START GIVEN RECORDS

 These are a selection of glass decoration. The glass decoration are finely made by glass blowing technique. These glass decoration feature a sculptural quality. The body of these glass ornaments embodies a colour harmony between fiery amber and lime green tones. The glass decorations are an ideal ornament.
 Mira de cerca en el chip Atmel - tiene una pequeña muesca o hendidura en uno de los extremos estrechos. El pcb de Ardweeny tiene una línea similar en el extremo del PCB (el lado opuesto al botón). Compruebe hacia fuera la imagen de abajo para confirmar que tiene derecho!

END GIVEN RECORDS
START GIVEN RECORDS

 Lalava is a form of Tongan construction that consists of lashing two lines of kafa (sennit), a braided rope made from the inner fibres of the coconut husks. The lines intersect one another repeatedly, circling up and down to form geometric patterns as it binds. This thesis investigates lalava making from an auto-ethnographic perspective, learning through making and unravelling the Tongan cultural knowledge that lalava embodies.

END GIVEN RECORDS

**WHAT THE EXERCISE ASKS:** The number of lines in this listing that hold "made" is the only answer required.

**ANSWER TO THIS TASK:** 2